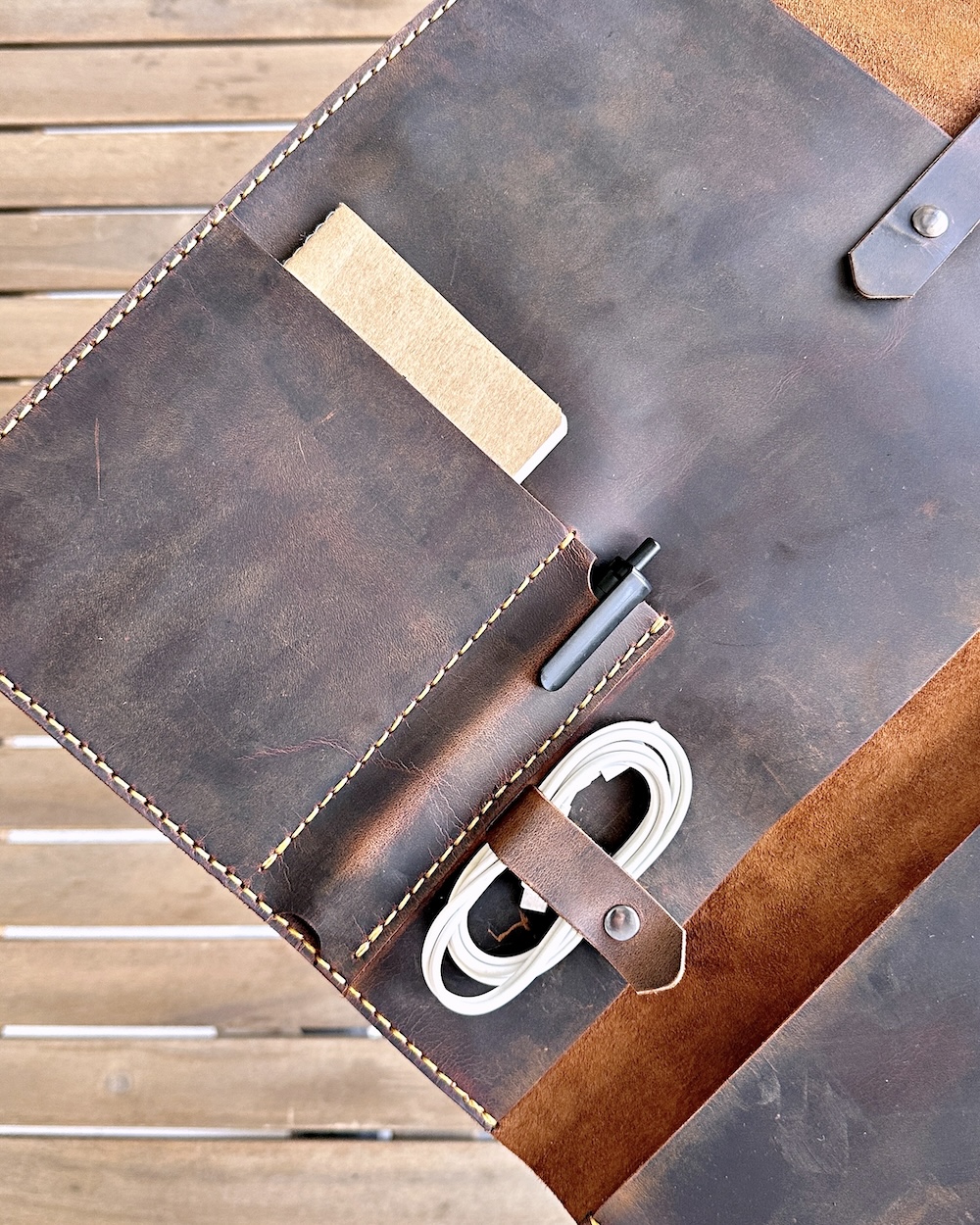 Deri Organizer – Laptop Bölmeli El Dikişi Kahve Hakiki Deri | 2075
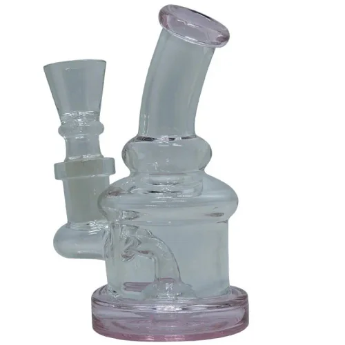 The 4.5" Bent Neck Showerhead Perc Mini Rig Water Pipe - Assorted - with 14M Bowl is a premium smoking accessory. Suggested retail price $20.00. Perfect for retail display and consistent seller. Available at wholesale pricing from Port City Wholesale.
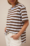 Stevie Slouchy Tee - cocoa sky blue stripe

**WORK TO COMPLETE**
An exact reproduction of the data above is required, with every picture removed.

**EXERCISE SOLUTION**
 Deri Organizer – Laptop Bölmeli El Dikişi Kahve Hakiki Deri | 2075
 The 4.5" Bent Neck Showerhead Perc Mini Rig Water Pipe - Assorted - with 14M Bowl is a premium smoking accessory. Suggested retail price $20.00. Perfect for retail display and consistent seller. Available at wholesale pricing from Port City Wholesale.
 Stevie Slouchy Tee - cocoa sky blue stripe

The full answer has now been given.